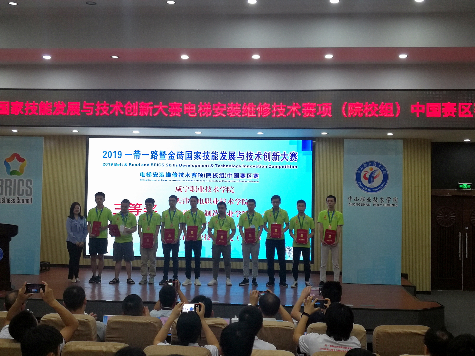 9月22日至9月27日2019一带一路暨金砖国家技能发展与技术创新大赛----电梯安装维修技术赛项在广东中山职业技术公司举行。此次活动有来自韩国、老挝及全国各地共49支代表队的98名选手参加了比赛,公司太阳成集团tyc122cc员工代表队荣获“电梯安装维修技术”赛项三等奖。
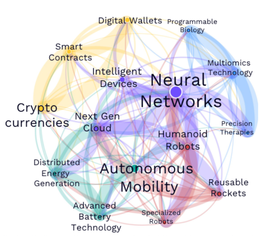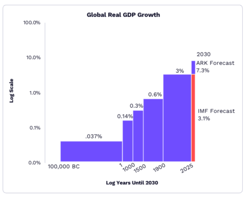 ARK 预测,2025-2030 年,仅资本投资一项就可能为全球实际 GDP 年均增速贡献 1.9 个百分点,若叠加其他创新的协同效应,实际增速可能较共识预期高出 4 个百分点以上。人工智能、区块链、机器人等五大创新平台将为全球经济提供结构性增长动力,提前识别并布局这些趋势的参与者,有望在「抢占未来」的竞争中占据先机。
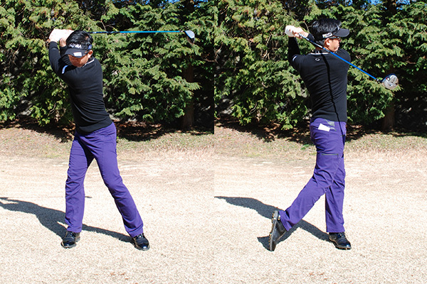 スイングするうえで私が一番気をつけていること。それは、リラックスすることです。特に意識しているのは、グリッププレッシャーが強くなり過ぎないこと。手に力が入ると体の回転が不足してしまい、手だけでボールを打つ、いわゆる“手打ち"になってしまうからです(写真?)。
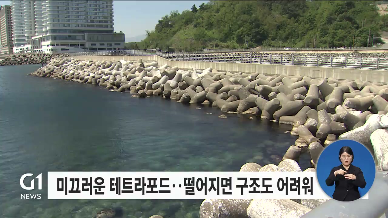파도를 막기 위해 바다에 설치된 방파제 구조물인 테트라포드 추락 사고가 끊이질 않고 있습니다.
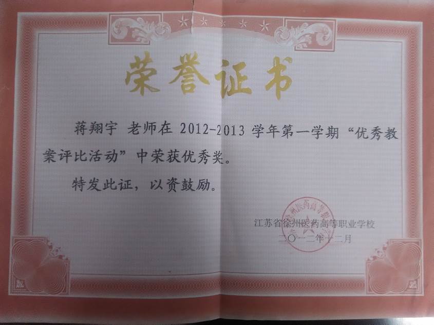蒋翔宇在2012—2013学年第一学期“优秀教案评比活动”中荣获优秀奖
------------------------------------
The expected output is exactly the lines from the one containing "파도를 막기 위해 바다에" through the last line of the listing, both included, with every picture left out.

- [The answer]:
파도를 막기 위해 바다에 설치된 방파제 구조물인 테트라포드 추락 사고가 끊이질 않고 있습니다.
蒋翔宇在2012—2013学年第一学期“优秀教案评比活动”中荣获优秀奖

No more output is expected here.